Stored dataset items
───

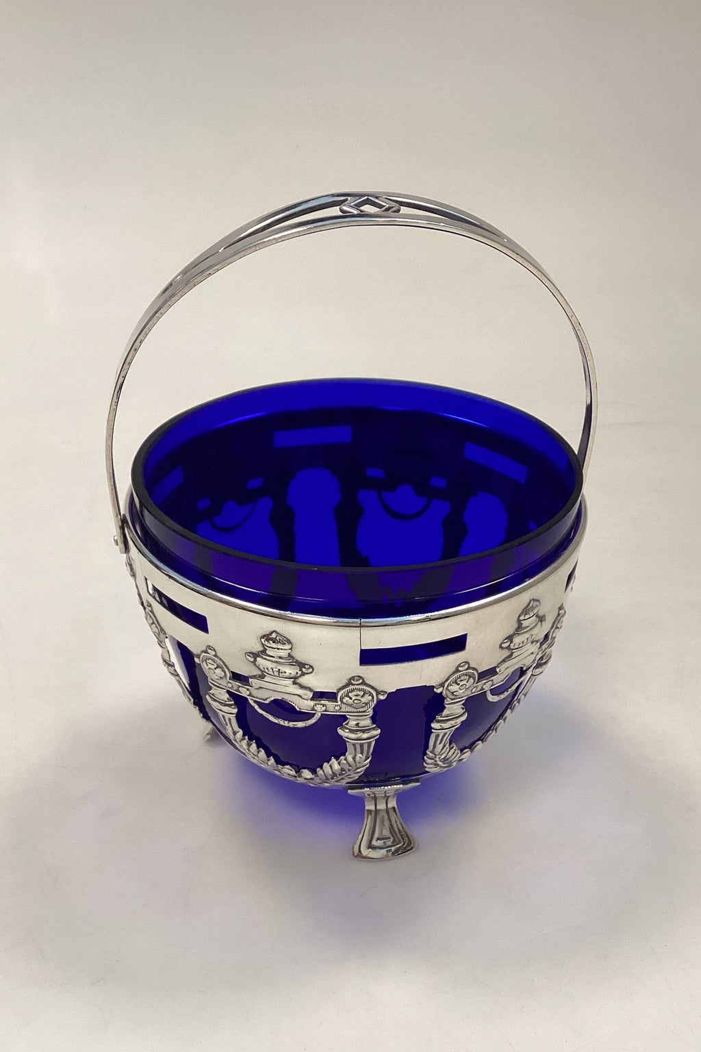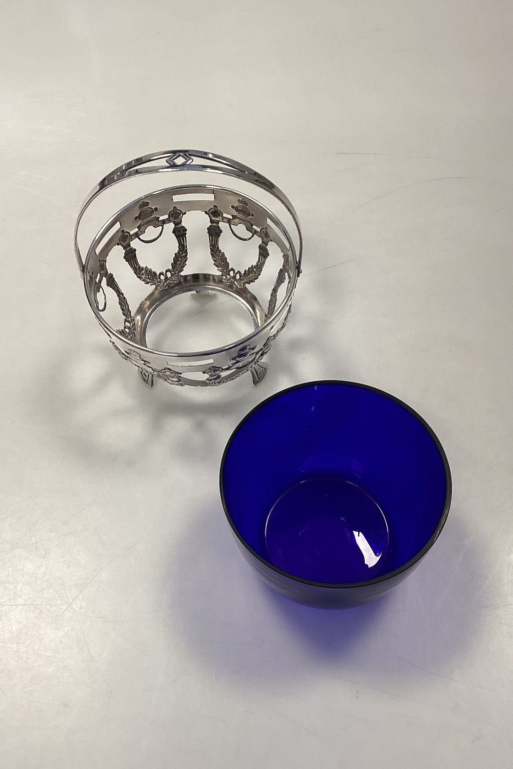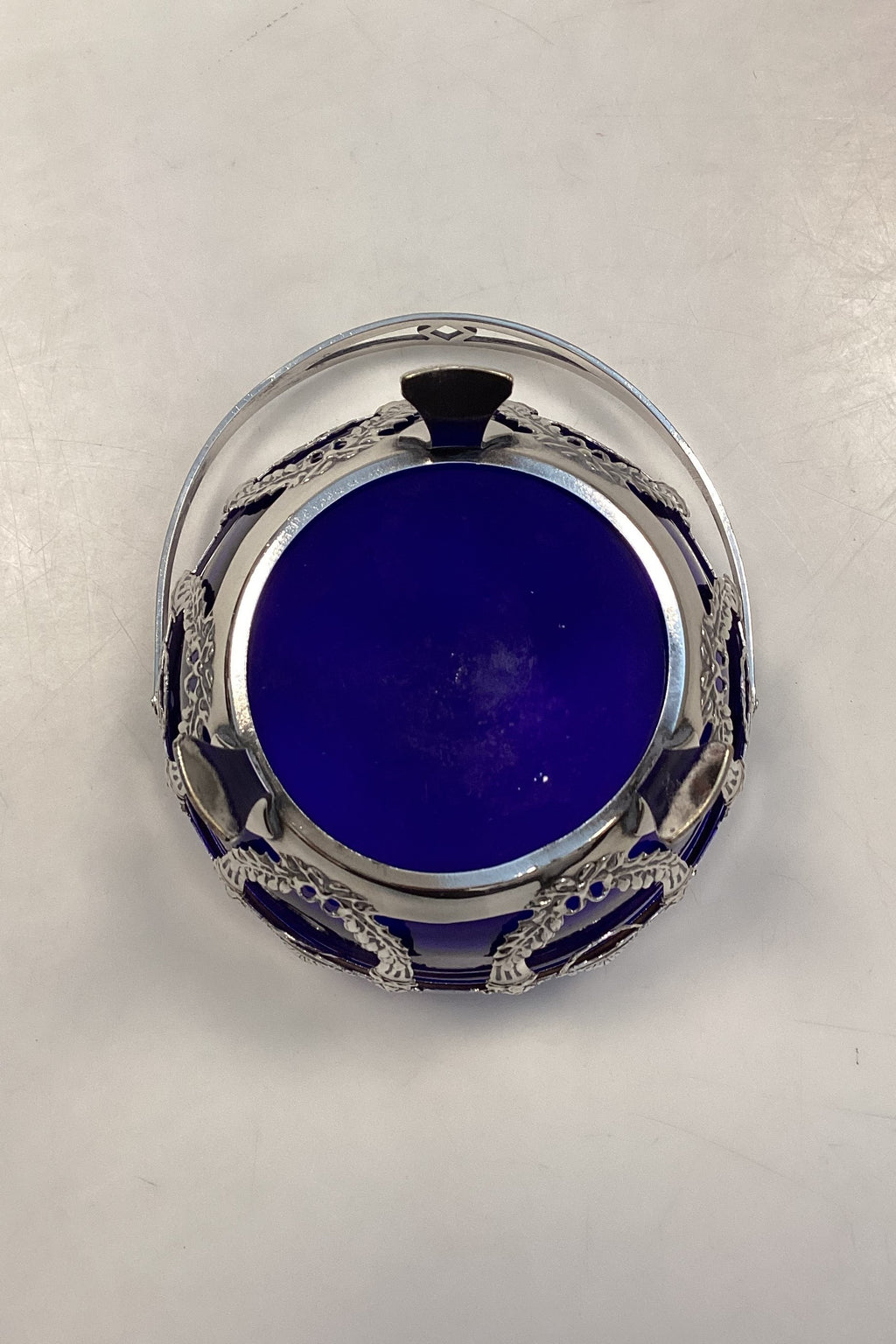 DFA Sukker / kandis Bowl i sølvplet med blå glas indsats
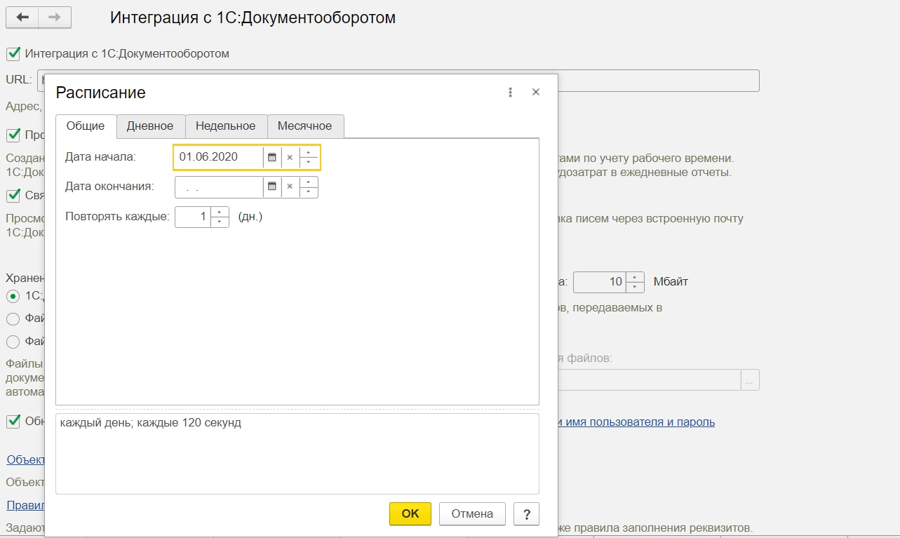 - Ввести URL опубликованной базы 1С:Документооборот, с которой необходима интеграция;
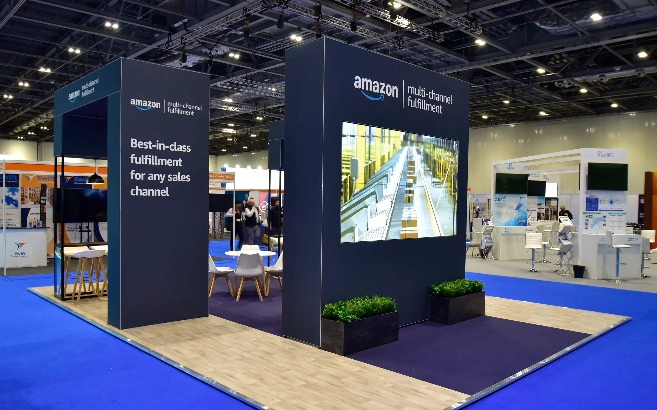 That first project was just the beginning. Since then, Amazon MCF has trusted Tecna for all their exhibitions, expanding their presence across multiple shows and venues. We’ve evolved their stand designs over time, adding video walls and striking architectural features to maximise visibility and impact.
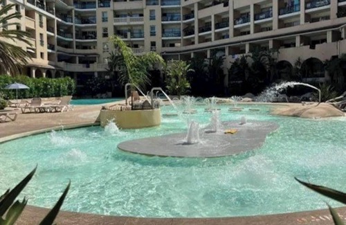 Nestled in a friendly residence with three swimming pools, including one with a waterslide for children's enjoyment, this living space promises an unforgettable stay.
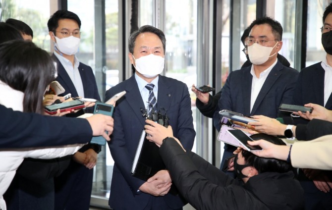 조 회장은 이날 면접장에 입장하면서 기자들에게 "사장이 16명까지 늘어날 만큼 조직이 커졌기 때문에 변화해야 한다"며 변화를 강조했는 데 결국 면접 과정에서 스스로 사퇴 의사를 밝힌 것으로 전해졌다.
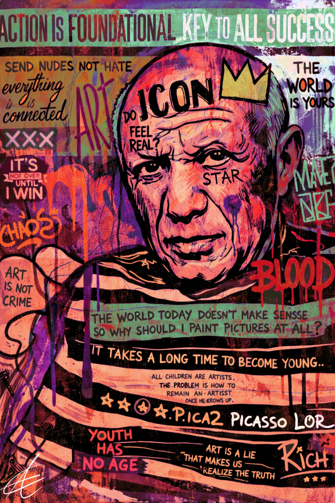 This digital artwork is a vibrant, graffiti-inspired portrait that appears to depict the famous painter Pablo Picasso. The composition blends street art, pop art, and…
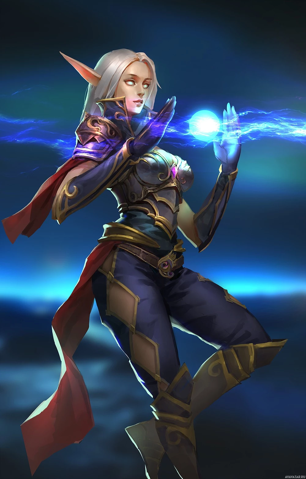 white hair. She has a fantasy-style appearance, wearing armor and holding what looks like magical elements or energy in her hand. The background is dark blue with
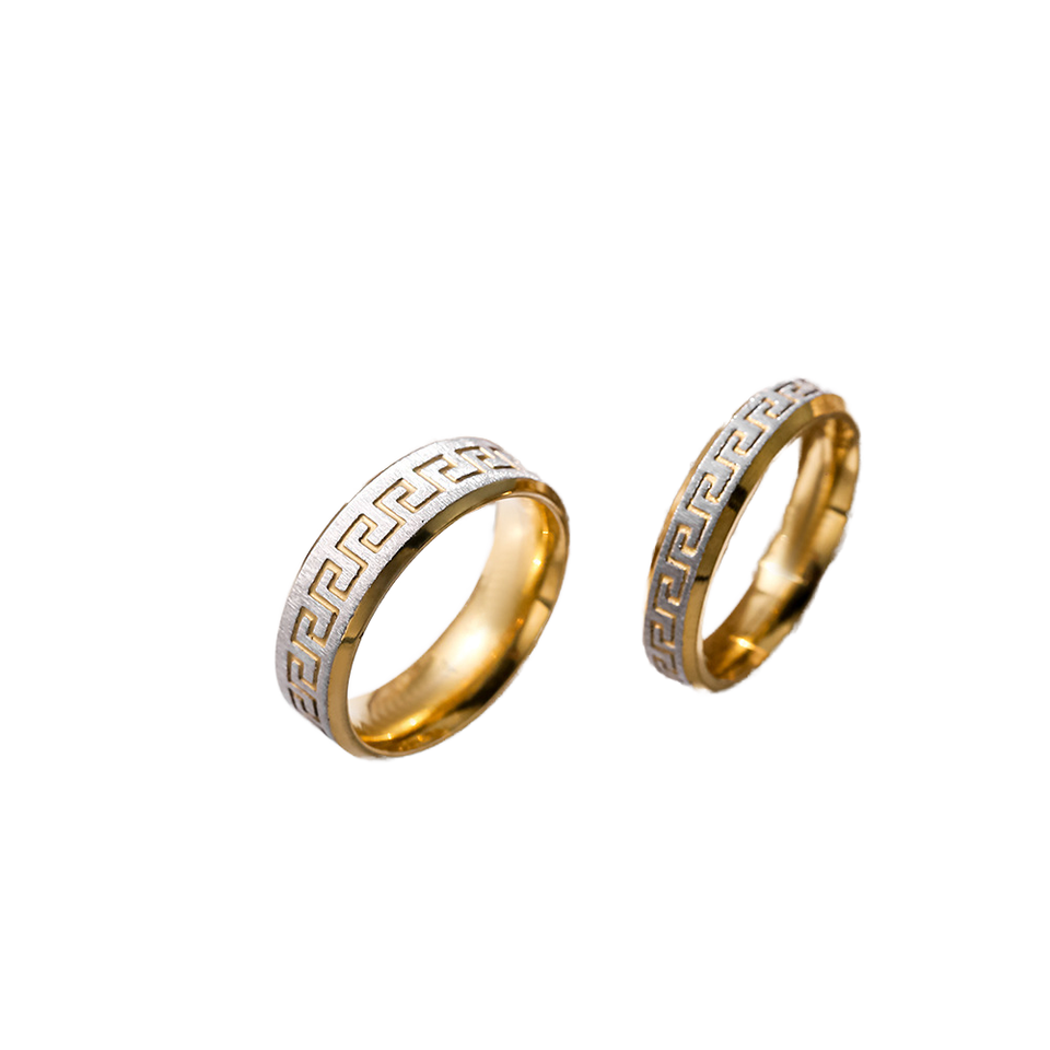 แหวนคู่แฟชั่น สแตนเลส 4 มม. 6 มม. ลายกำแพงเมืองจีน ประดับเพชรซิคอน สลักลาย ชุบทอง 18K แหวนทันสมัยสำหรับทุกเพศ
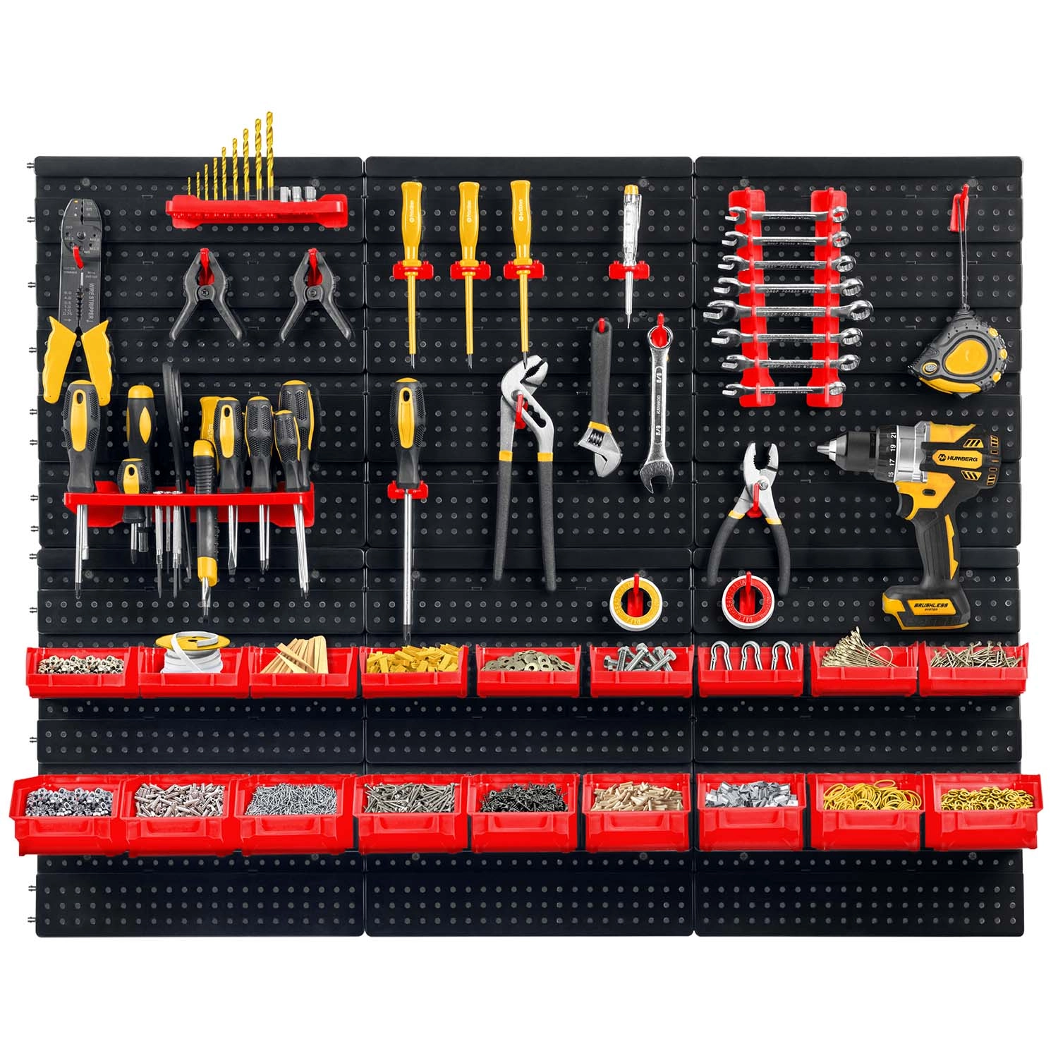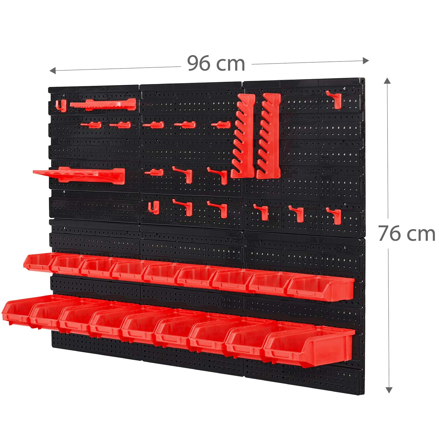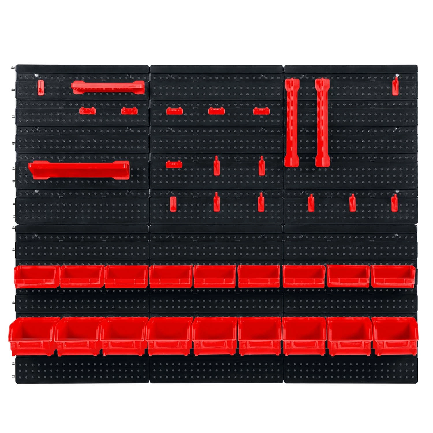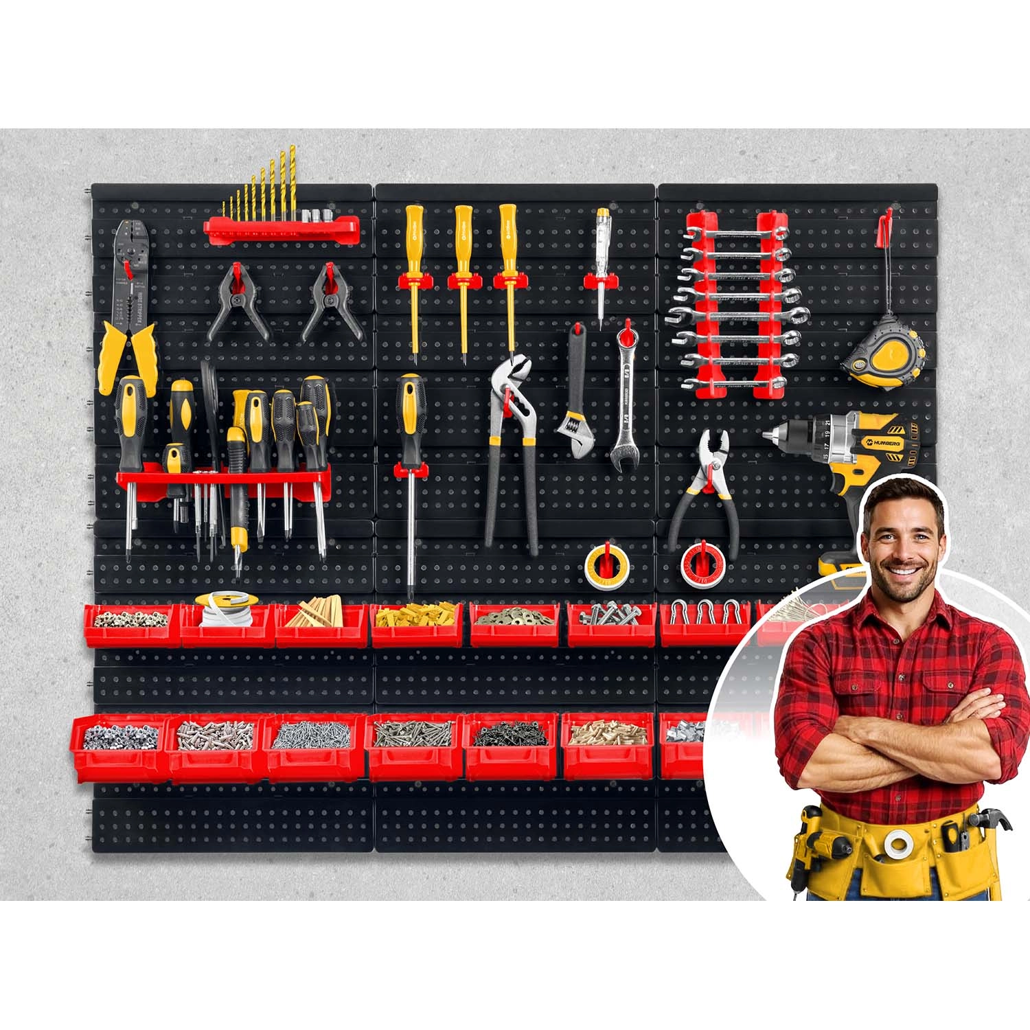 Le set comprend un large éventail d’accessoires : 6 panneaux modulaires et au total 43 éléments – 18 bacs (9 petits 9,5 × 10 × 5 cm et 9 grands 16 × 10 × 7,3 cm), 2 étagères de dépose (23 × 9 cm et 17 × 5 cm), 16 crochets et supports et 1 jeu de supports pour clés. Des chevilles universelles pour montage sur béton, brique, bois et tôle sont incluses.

───

_What you should do_. Starting at the line with "That first project", reproduce exactly each line through the end of the entries, including the first and the last, and skip the pictures.

_Solution to the exercise_.
 That first project was just the beginning. Since then, Amazon MCF has trusted Tecna for all their exhibitions, expanding their presence across multiple shows and venues. We’ve evolved their stand designs over time, adding video walls and striking architectural features to maximise visibility and impact.
 Nestled in a friendly residence with three swimming pools, including one with a waterslide for children's enjoyment, this living space promises an unforgettable stay.
 조 회장은 이날 면접장에 입장하면서 기자들에게 "사장이 16명까지 늘어날 만큼 조직이 커졌기 때문에 변화해야 한다"며 변화를 강조했는 데 결국 면접 과정에서 스스로 사퇴 의사를 밝힌 것으로 전해졌다.
 This digital artwork is a vibrant, graffiti-inspired portrait that appears to depict the famous painter Pablo Picasso. The composition blends street art, pop art, and…
 white hair. She has a fantasy-style appearance, wearing armor and holding what looks like magical elements or energy in her hand. The background is dark blue with
 แหวนคู่แฟชั่น สแตนเลส 4 มม. 6 มม. ลายกำแพงเมืองจีน ประดับเพชรซิคอน สลักลาย ชุบทอง 18K แหวนทันสมัยสำหรับทุกเพศ
 Le set comprend un large éventail d’accessoires : 6 panneaux modulaires et au total 43 éléments – 18 bacs (9 petits 9,5 × 10 × 5 cm et 9 grands 16 × 10 × 7,3 cm), 2 étagères de dépose (23 × 9 cm et 17 × 5 cm), 16 crochets et supports et 1 jeu de supports pour clés. Des chevilles universelles pour montage sur béton, brique, bois et tôle sont incluses.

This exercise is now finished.